A content network that builds physical trust: four levers
To implement the topic authoritatively, there are four practical places where you can directly take action. They are not marketing slogans, they are signals that machines can actually read and compare.
- Topic map: First draw a complete concept list of this topic, including one page of pillars and multiple pages of radiating content, make sure there are no obvious gaps, and then decide on the writing order. The gap is where the machine decides you're not complete enough.

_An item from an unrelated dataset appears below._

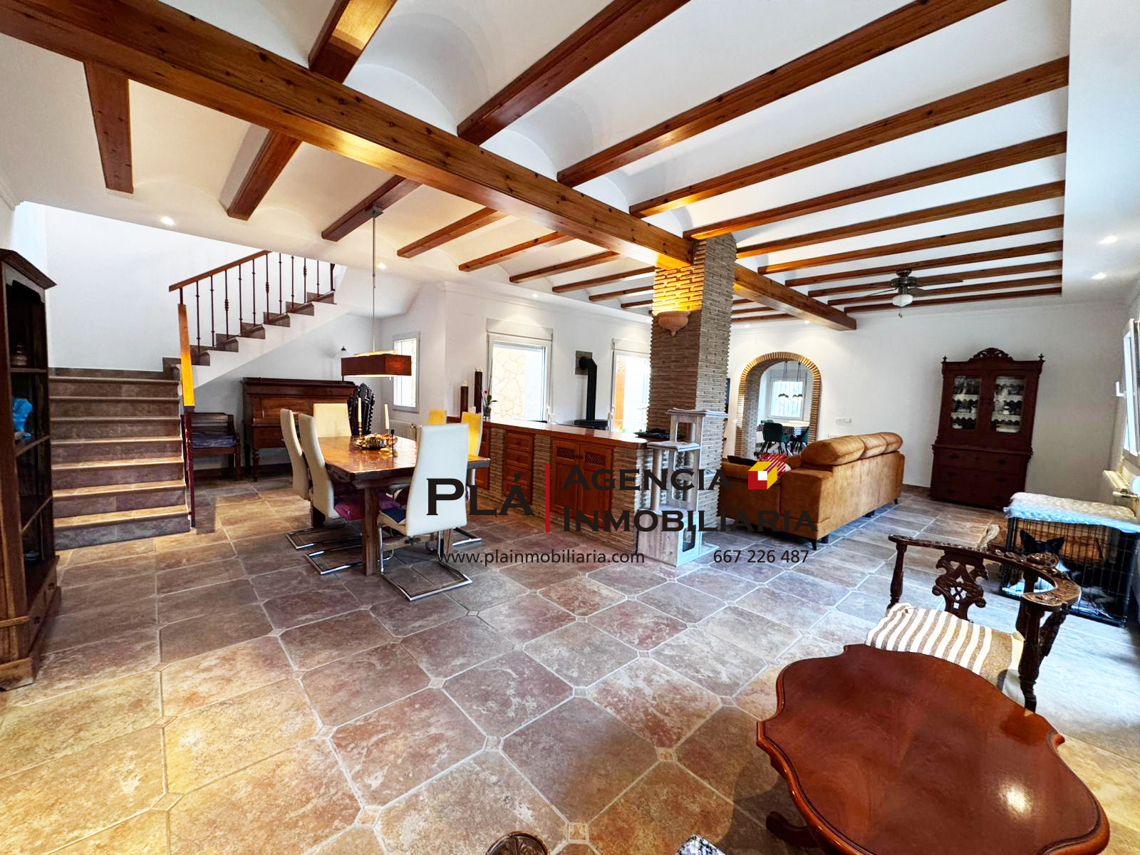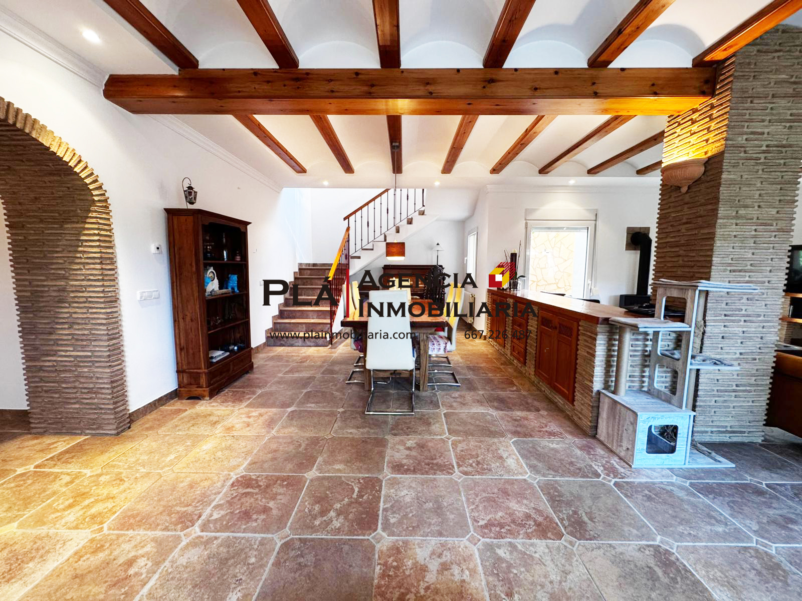 En venta ``La Finca del Lechero´´ un preciado rústico-histórico sito en la ciudad de Denia de los años 50. 75 años de historia y una colección de remodelados, hasta la actualidad. Construida con varias ampliaciones hechas desde entonces hasta hoy día, ofrecemos una casa de altas prestaciones, pensada para recibir invitados y familiares y, que se sientan muy a gusto, teniendo éstos últimos su espacio privado pero compartiendo a su vez, un mismo hogar. Imaginemos entrar por un gran camino estrecho, recorrerlo hasta el fondo y, encontrarnos la entrada a la parcela, desconocimiento total hasta entrar al terreno, y encontrarnos una gran casa, donde los huéspedes pueden aparcar perfectamente hasta 6 coches, sin contar la existencia de un garaje doble para el propietario. Fuera de la vivienda, tenemos un pasillo natural cubierto por el que podemos descubrir a lo largo del mismo la fachada con sus dos alturas a mano izquierda, así como todo el jardín a mano derecha, una combinación de árboles frutales tropicales y pinos que nos regalan una sombrilla natural, con un microclima fresco sobre todo para verano. Se trata de una gran extensión llana de terreno de unos 2.000m2 y al inicio del mismo, encontramos también un gran estanque con peces. Cabe no olvidar que los actuales propietarios tuvieron caballo durante muchos años, en la actualidad, existe una caseta alta y lo suficientemente grande para hospedar un caballo, la caseta tiene bebedero y varias garras para amarrar al caballo. Además, todo el jardín sirve perfectamente para cabalgar con el caballo o hacer saltos con él. Aprovechando que hablamos de esto, la vía verde de Denia, antiguo vial que conectaba Denia con Valencia, la tenemos a escasos 200m de la casa. Esto nos brinda posibilidades infinitas, desde ir con el caballo más de 10km rectos en dirección Verger, Poblets, hasta aprovecharlo para hacer una caminata o deporte. La misma, nos conecta directamente con el centro de Denia (1Km ó 10min a pie). Los supermercados se encuentran a 1Km de la casa (Lidl y Consum) y el mar y sus playas a 1,5Km. La ubicación de la casa es simplemente EXCELENTE. Volviendo al pasillo cubierto, la entrada principal a la vivienda se encuentra al inicio del mismo, la cual da a un distribuidor amplio y desde donde podemos decidir si ir hacia el salón comedor principal o torcer a mano izquierda para dirigirnos a la zona de invitados. La vivienda principal: consta como hemos dicho de amplio salón comedor con chimenea de leña. Desde el mismo, podemos seguir hacia la cocina semi- independiente, dividida por un arco de ladrillos del salón. Ésta tiene una original salida a terraza para comer en la sombra. Junto a cocina encontramos lavadero y patio. Subimos escaleras a primera planta para encontrar 3 dormitorios dobles con uno de ellos con ducha en suite y salida desde el dormitorio a terraza abierta. Existe además un baño independiente con bañera. Invitados; desde el distribuidor torcemos a mano izquierda donde encontramos un aseo de cortesía para todos, y siguiendo hacia el fondo, dividido ya por una puerta de la zona central, encontramos una ducha con aseo ya pensada para la parte de invitados, una sala mediana, ideal para salón de invitados con sofá y televisor, un 1er dormitorio, y el segundo y tercer dormitorio para invitados subiendo la escalera interior desde la salita. Además, existe una segunda ducha con aseo independiente para los dos dormitorios en primera planta de invitados. Desde la salita de invitados podemos salir a una Naya totalmente techada y acristalada, llena de luz y con posibles usos como zona de comedor tanto para los invitados como para fiestas grupales junto al jardín. Las opciones son muchas. La casa ha sido construida con mimo y mucha cabeza. Está bien pensada y tiene a nuestro parecer, muchísimo gusto. Destacamos radiadores en ambas plantas a gas oil, suelos porcelánicos, puertas y vigas de pino y ventanales a pvc doble en toda la casa.

- Internal links and consistent naming: For the same entity, use the same name and the same set of definitions throughout the site; then use internal links to string together related concepts, allowing the machine to follow the links to understand your topic structure.
- Physical co-occurrence: Take the initiative to let your brand and authoritative concepts, tools and standards in the field appear in the same context, accumulating correct associations instead of being diluted by random links.
- Structured data: Use schema to write "what you are and what you are related to" into a machine-readable declaration. Don't let the machine just guess.
Use schema and external consistency to let machines recognize you
If you do well on-site, you must also deal with off-site, because a large part of an entity's credibility is based on cross-source consistency. Specifically: use Organization schema to mark the name, logo, and location; use sameAs to string authoritative nodes such as the official website, Wikidata, LinkedIn, and industry directories into the same entity; use about and mentions at the article level to mark clearly which entities this article is about. At the same time, make sure your name, description, and positioning are consistent across external platforms. If the name is called this and that, the machine may split you into two fuzzy entities, and your credibility will be diluted.
Instead of just reading your latest article, the machine is integrating all the signals it has seen about you. Any contradiction will deduct your trust score.
How do you know if it's effective?
Traditional ranking tools don’t see this. What you want to ask is no longer "Who is ranked?" but "Among the questions that users will really ask, has the AI mentioned me, in what context, and with whom?" This requires continuous tracking of the brand’s visibility and context in the answers of various engines. Tenten’s Brand Radar does exactly this, turning abstract AI trust into indicators that can be viewed every week. If you want to know whether your entity is clear in the eyes of AI and what pieces of the theme network are missing, you can make an appointment for a 30-minute GEO diagnosis. We will actually run it using your own brand and point out the gaps to you.